Forecasting with Time Varying Linear Models

I have several questions related to Rolling Regression — PyMC example gallery that are different enough from my previous thread related to this model Partial Observable Latent Variables that I thought it was best to post separately.

My questions relate to both extending the model to a forecasting context and also general model evaluation.

  1. If trying to extend a rolling regression model to a forecast context, what are approaches to project forward the regression coefficients alpha and beta? (In the exact model linked we do not have covariates in forward space, but in the example I have in mind there are forward forecasts for the relevant covariate). Naively I can think to just fill these forward but this approach seems like it would underestimate the uncertainty coming from parameter drift.
  2. Are there approaches to evaluating x-step ahead predictive performance?
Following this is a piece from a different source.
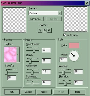 I used sculpture on this angel tag, with these settings, using the color I saved from my text.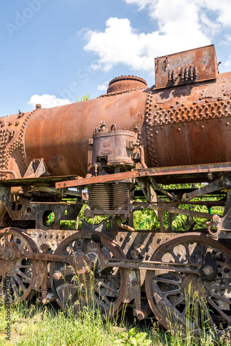 Naklejka premium Old Czechoslovakian CSD steam engine on graveyard, rusty, boiler detail

The simplest way of doing this, retraining the model on a rolling basis with a hold out test set, suffers from performance limitations since the model takes roughly 600 seconds to fit.
  3. Looking at the rolling coefficient estimates (plotted below) I see persistent differences depending on what time period data sample I use for fitting. I’m wondering how to reason about using priors for controlling local influence of data on rolling parameter estimates (potentially this is a use case for a Gaussian Process?)
  4. Looking at the model in the linked notebook, I see fairly strong and time varying correlation between the alpha and beta parameters and am curious how to interpret this fact of the model.

Here is a snippet for fitting and generating the relevant plots, which can be run in addition to the linked notebook for loading the data

def create_rw_model(price_data):
    price_data_zscored = (price_data - price_data.mean()) / price_data.std()
    
    with pm.Model(coords={"time": price_data.index.values}) as model_randomwalk:
        # std of random walk
        sigma_alpha = pm.Exponential("sigma_alpha", 50.0)
        sigma_beta = pm.Exponential("sigma_beta", 50.0)
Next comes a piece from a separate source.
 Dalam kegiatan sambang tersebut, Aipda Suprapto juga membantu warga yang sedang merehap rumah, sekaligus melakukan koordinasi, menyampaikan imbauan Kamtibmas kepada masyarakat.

        alpha = pm.GaussianRandomWalk(
            "alpha", sigma=sigma_alpha, init_dist=pm.Normal.dist(0, 10), dims="time"
        )
        beta = pm.GaussianRandomWalk(
            "beta", sigma=sigma_beta, init_dist=pm.Normal.dist(0, 10), dims="time"
        )    
        # Define regression
        regression = alpha + beta * price_data_zscored.GFI.values

        # Assume prices are Normally distributed, the mean comes from the regression.
        sd = pm.HalfNormal("sd", sigma=0.1)
        likelihood = pm.Normal("y", mu=regression, sigma=sd, observed=price_data_zscored.GLD.to_numpy())
    return model_randomwalk

with create_rw_model(prices):
    trace_rw_fs = pm.sample_prior_predictive()
    trace_rw_fs.extend(pm.sample(tune=2000, target_accept=0.9))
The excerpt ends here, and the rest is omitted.